What you are asked to do: Reproduce only the lines below from the line containing "Цвет: серебро Количество" to the line containing "Adorable goldtone dachshund", exactly as written, with both end lines kept. Omit the pictures.

Source data:

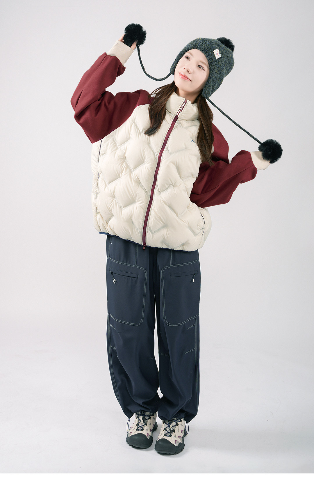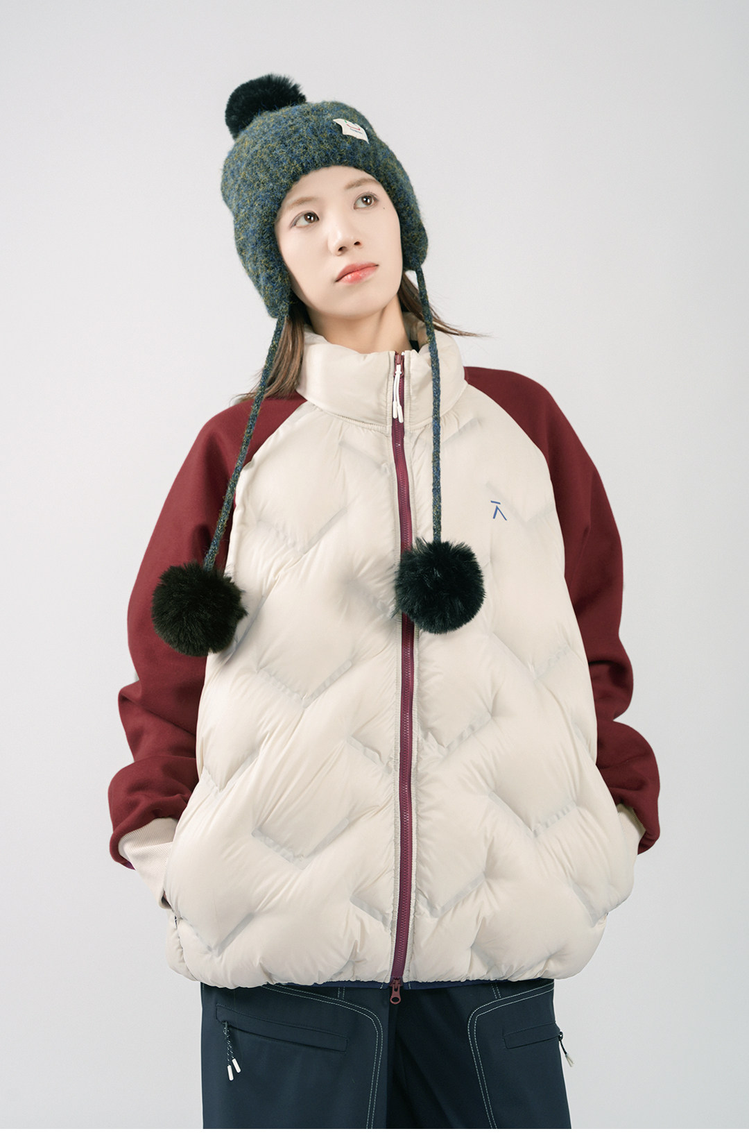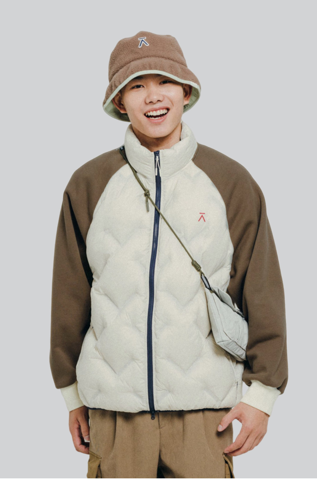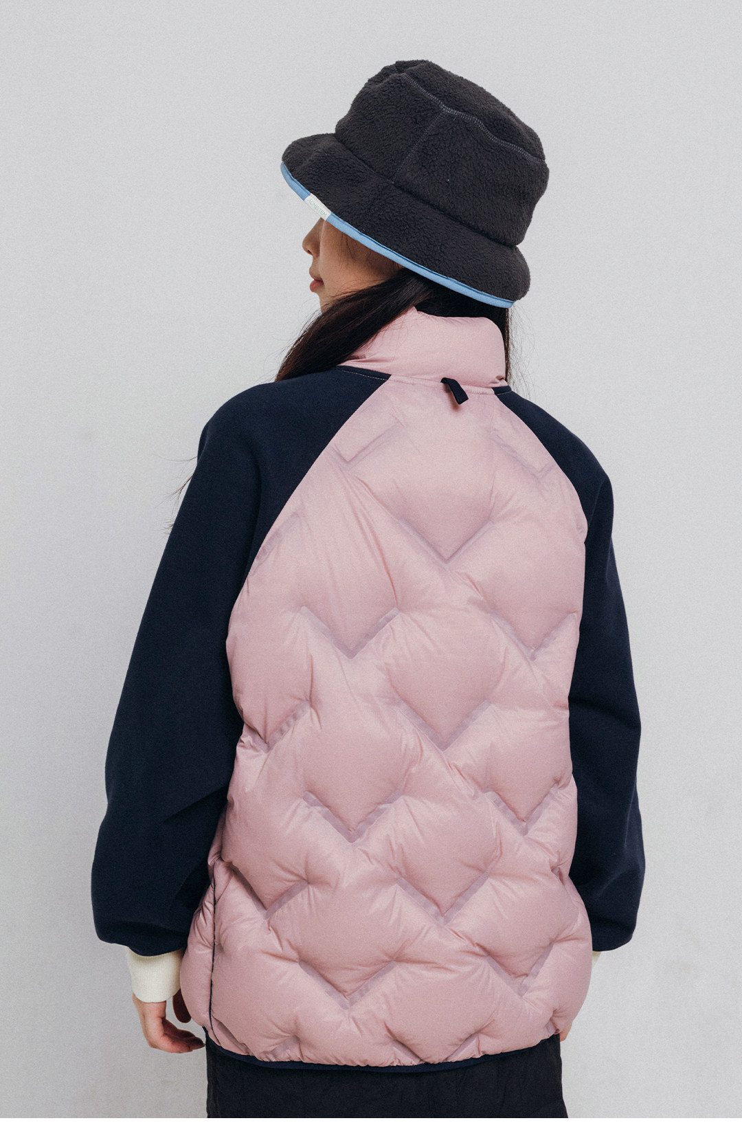 Acmeitem Outdoor Patchwork Stand-Up Collar down Jacket Lightweight Water-Repellent Loose down Jacket for Men and Women
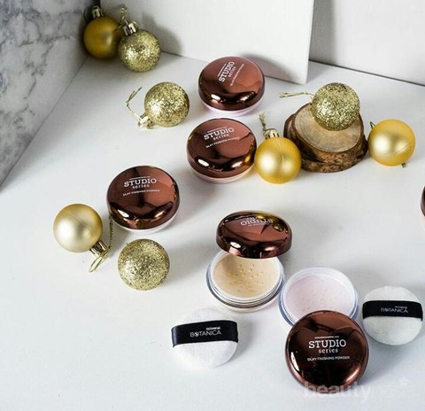 Brand yang satu ini dikenal dengan penggunaan bahan alaminya. Mineral Botanica Silky Finishing Powder Studio Series mengandung silica powder dan ekstrak Adansonia. Kandungan dalam bedak tabur ini berfungsi untuk mengurangi minyak berlebih pada wajah. Serta kandungan Vit. E dan Squalene yang dapat menutrisi kulit.
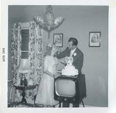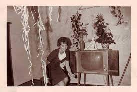 While television sets, their size, and their color capability, became a sign of affluence as the 1950s progressed, Spigel argues that consumers also used them to inhabit a space of resistance to a culture of conspicuous consumption and its prescriptions. Indeed, the television quickly became a household object integrated into the homes and lives of almost all Americans, where “people arranged and photographed the tv set in relation to other household activities and things.” (p. 28) TV snapshots not only documented a family’s technical proficiency in operating the new media tool but also “enact(ed) their relationships with each other through their mutual engagement with the new tv.” (p. 32) While images of families or just children watching tv are common, many more show families engaged in other social activities in front of the television, whether holiday parties, even weddings, reading, or playing games. For example, Christmas trees were often placed in close proximity to or even on the television set, setting the stage for the holidays. For African-Americans and other ethnic minorities, the television was a particularly ambiguous object, since on tv they were either invisible or portrayed in racist terms, but tv allowed them to perform their real identities in front of the set.
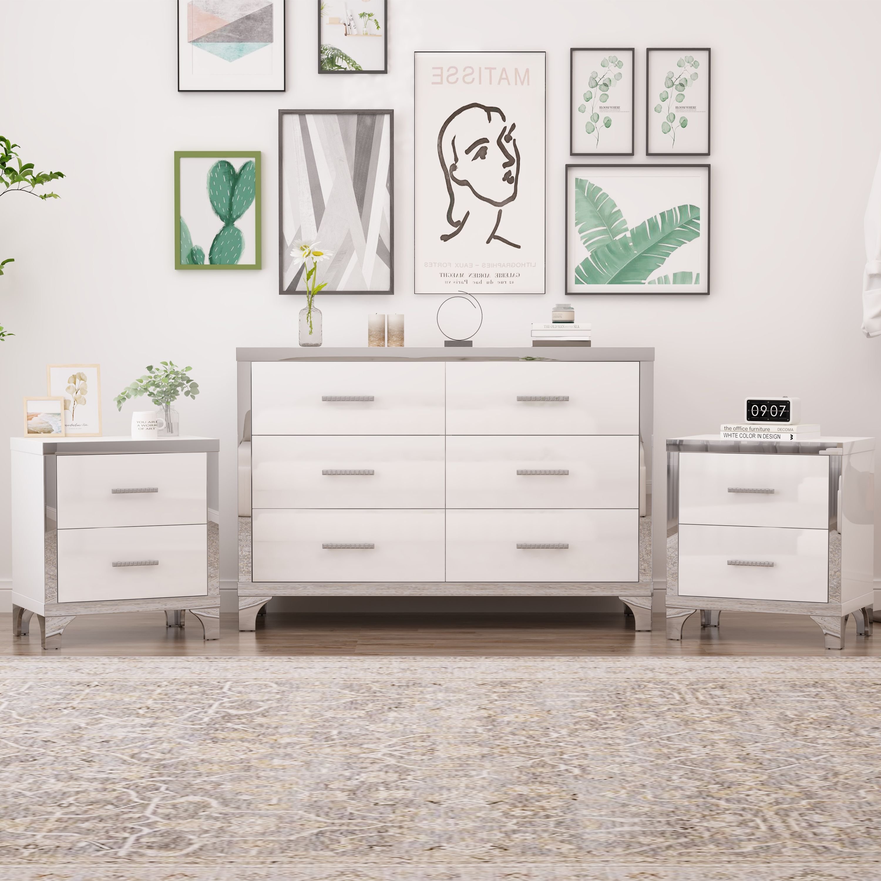 2.Framed Mirror Detailing: the front-facing edges of the dresser and nightstands are mirror-finished, creating a sleek, reflective border that adds elegance without overwhelming the design.
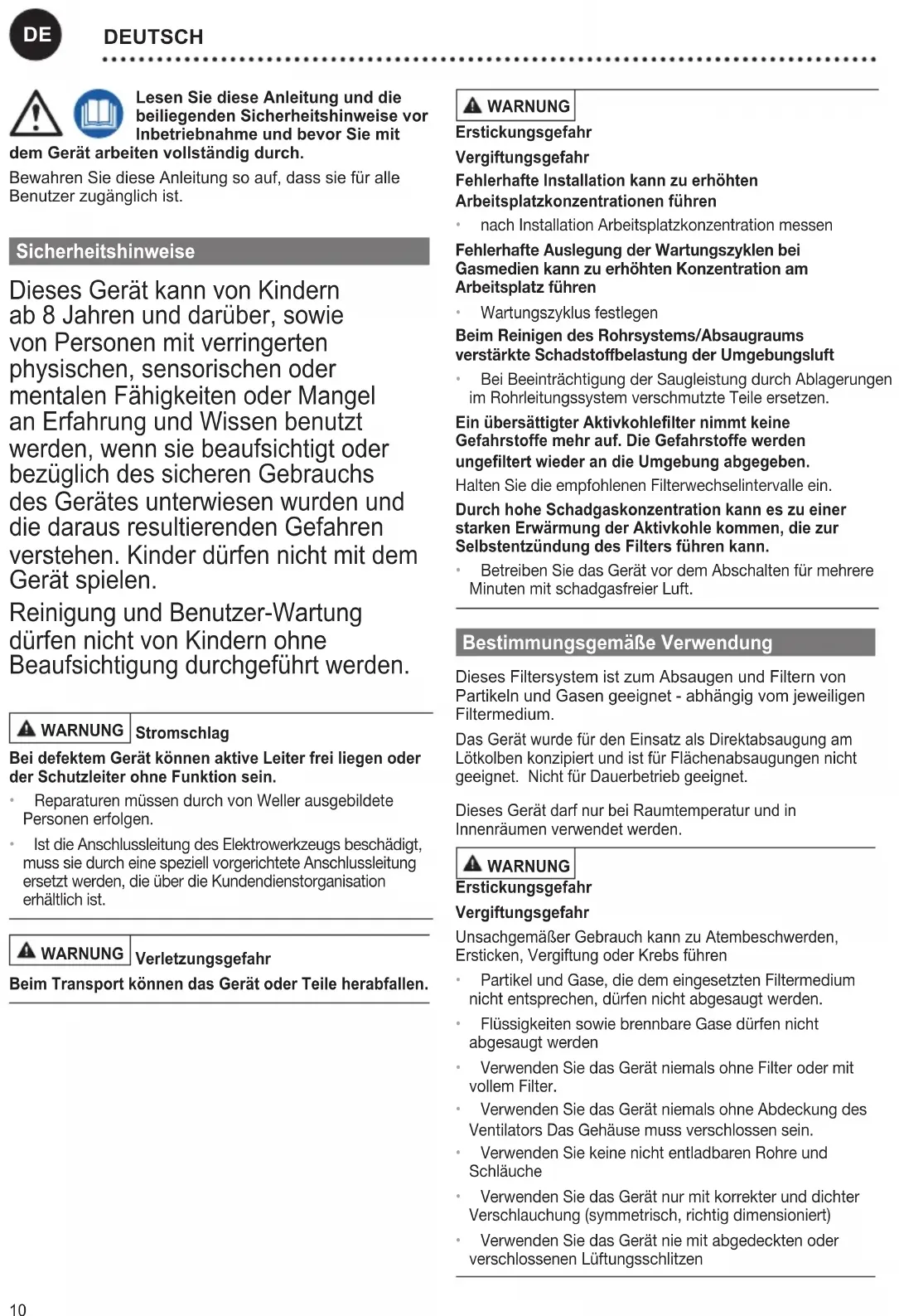 - BetreibenSiedasGerätvordemAbschaltenfürmehrere MinutenmitschadgasfreierLuft. Bestimmungsgemäße Verwendung Dieses Filtersystem ist zum Absaugen und Filtern von Partikeln und Gasen geeignet - abhängig vom jeweiligen Filtermedium. Das Gerät wurde für den Einsatz als Direktabsaugung am Lötkolben konzipiert und ist für Flächenabsaugungen nicht geeignet. Nicht für Dauerbetrieb geeignet. Dieses Gerät darf nur bei Raumtemperatur und in Innenräumen verwendet werden. WARNUNG Erstickungsgefahr Vergiftungsgefahr Unsachgemäßer Gebrauch kann zu Atembeschwerden, Ersticken, Vergiftung oder Krebs führen
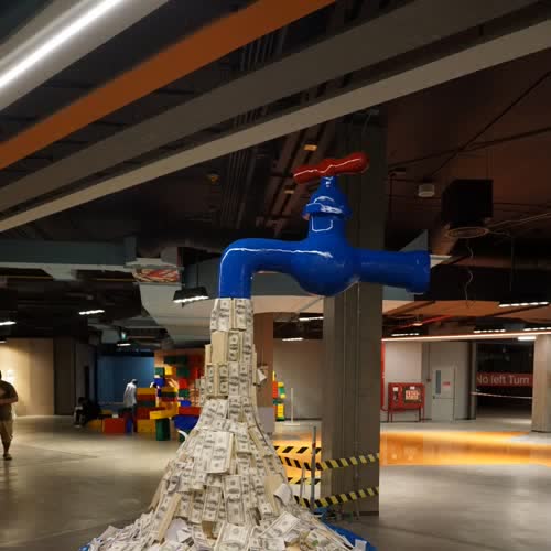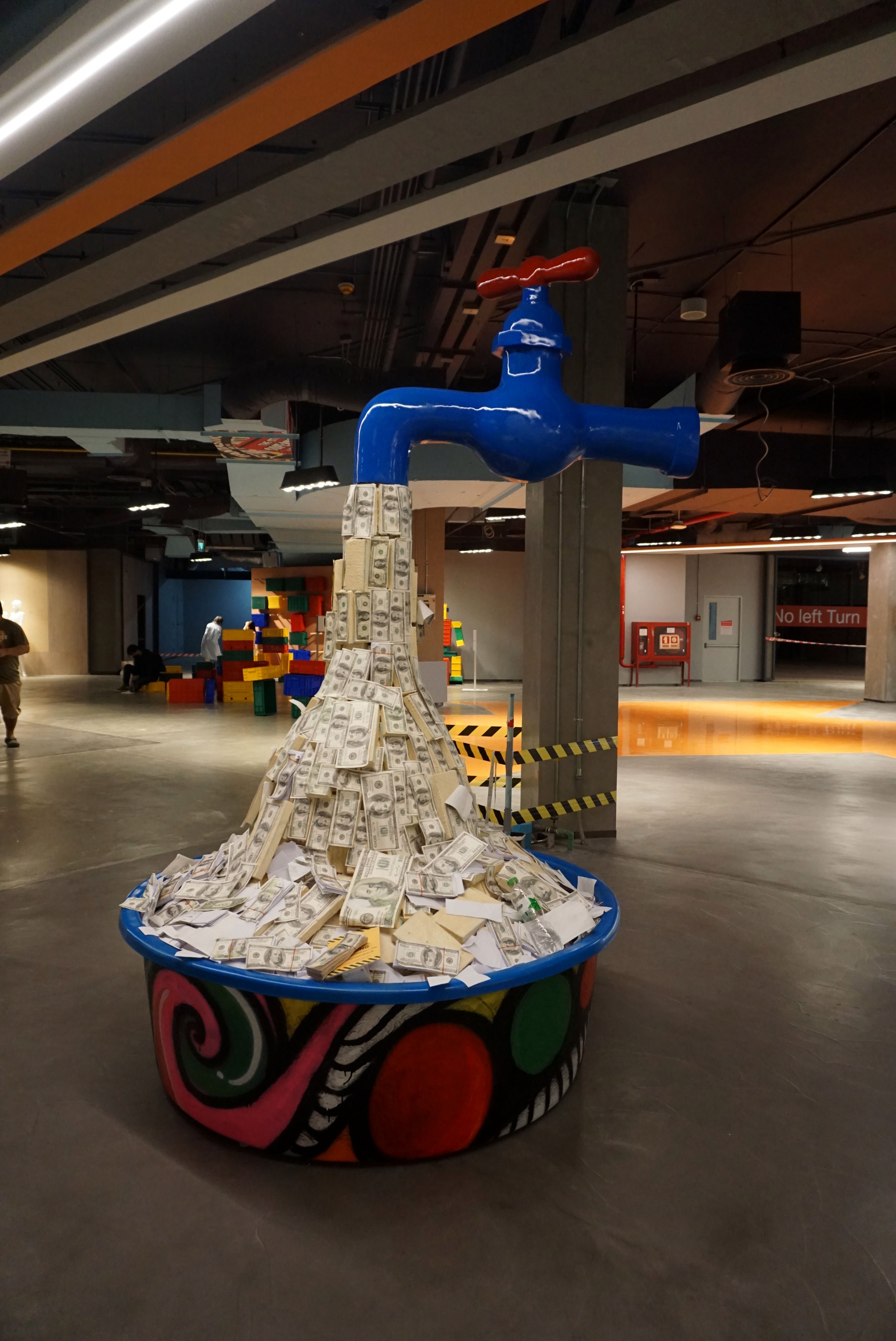 | คำอธิบาย : ก๊อกเงิน ศิลปะสะท้อนสังคมปัจจุบัน ด้วยก๊อกสีน้ำเงิน ที่มีเงินออกมาเป็นกองจัดแสดงอยู่ที่ ซีคอนสแควร์ ชั้น 2 ศรีนครินทร์ ประเวศ กรุงเทพมหานคร |
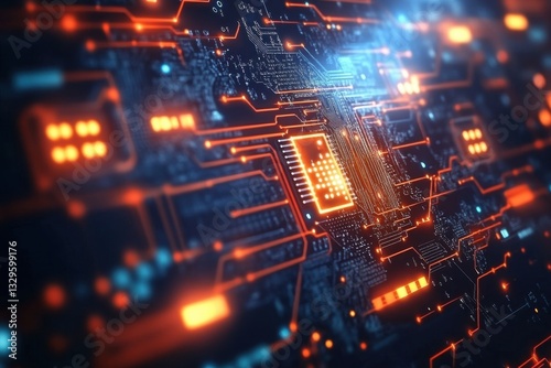 Wall mural : Abstract technology background showcases a computer circuit board interwoven with intricate web desi
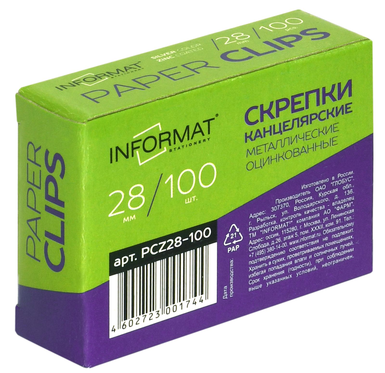 Цвет: серебро Количество в упаковке, шт: 100 Материал: металл Размер, мм: 28 Упаковка: картонная упаковка Тип скрепок: с загнутым краем Мин. партия и варианты упаковок: 1 / 10 / 500 -
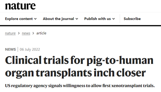 7月6日,一篇发表在《自然》杂志上的名为“Clinical trials for pig-to-human organ transplants inch closer”的新闻介绍道,美国FDA将允许异种移植的临床试验。
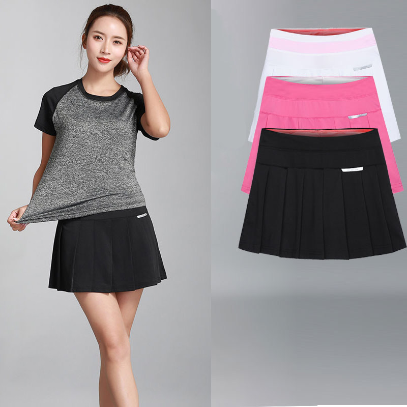 半身裙女运动百褶裙黑色白色速干B裙裤跑步瑜伽健身羽毛球网球短
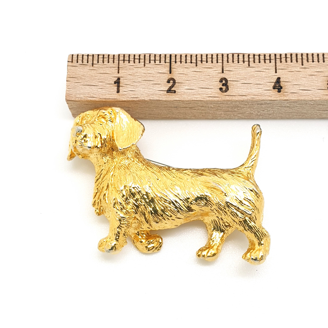 Adorable goldtone dachshund brooch by Cabouchon from the 90s. In very good vintage condition.
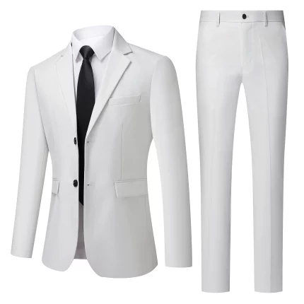 Men’s White High-End Suit Two-Piece Suit Four Seasons Business Formal Wear Anti-Wrinkle Non-Stick Wool Suit Workplace Work Cloth
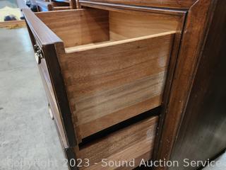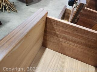 Dovetail joinery, appears to be solid wood construction. A few minor scuffs, overall great condition. 24" H x 26" W x 16" D. Matches the dresser in previous lot.
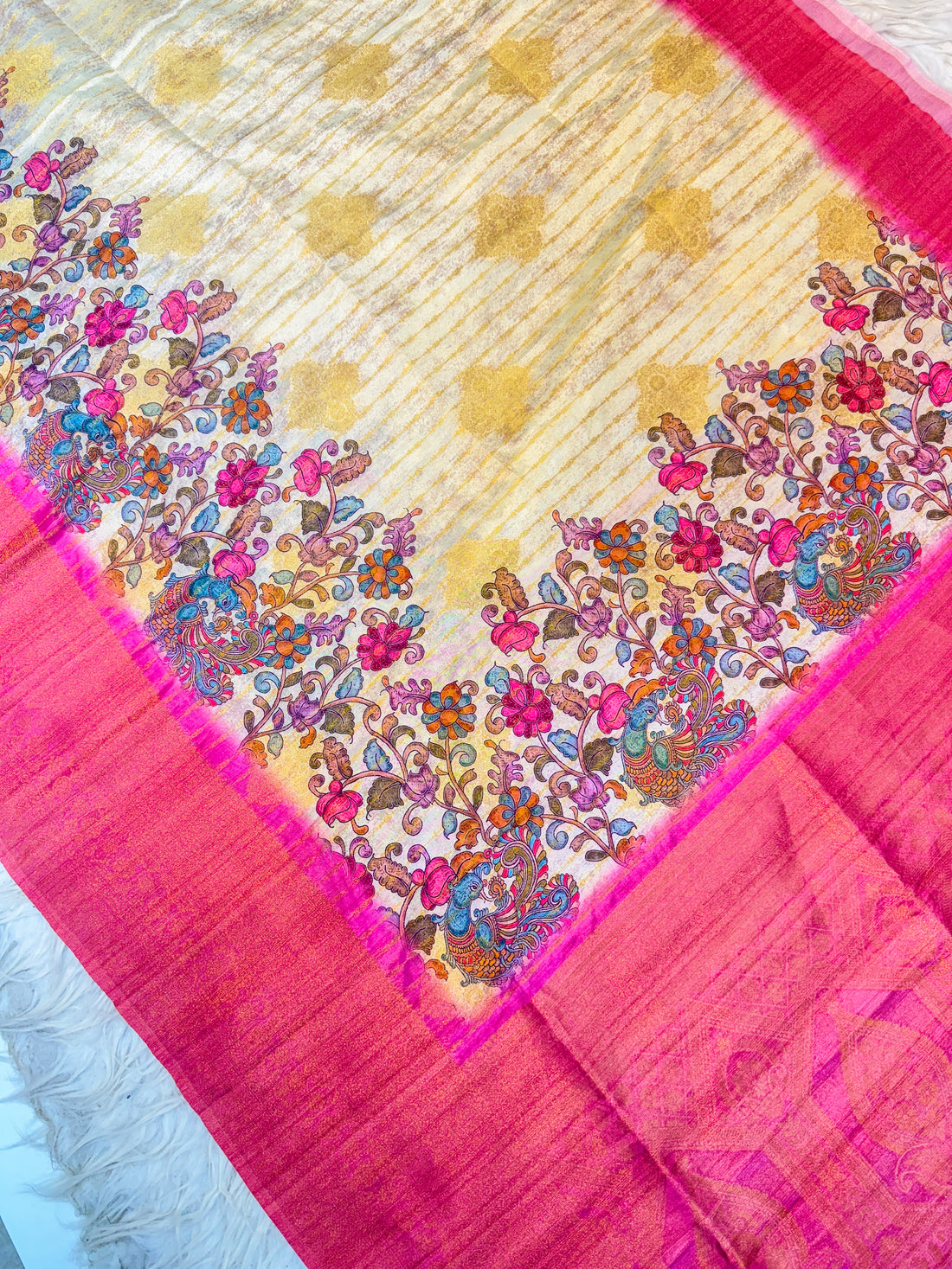 Pure Russian Tussar sarees showcase the exceptional texture and natural luster of Russian tussar silk,...

Answer to this exercise:
 Цвет: серебро Количество в упаковке, шт: 100 Материал: металл Размер, мм: 28 Упаковка: картонная упаковка Тип скрепок: с загнутым краем Мин. партия и варианты упаковок: 1 / 10 / 500 -
 7月6日,一篇发表在《自然》杂志上的名为“Clinical trials for pig-to-human organ transplants inch closer”的新闻介绍道,美国FDA将允许异种移植的临床试验。
 半身裙女运动百褶裙黑色白色速干B裙裤跑步瑜伽健身羽毛球网球短
 Adorable goldtone dachshund brooch by Cabouchon from the 90s. In very good vintage condition.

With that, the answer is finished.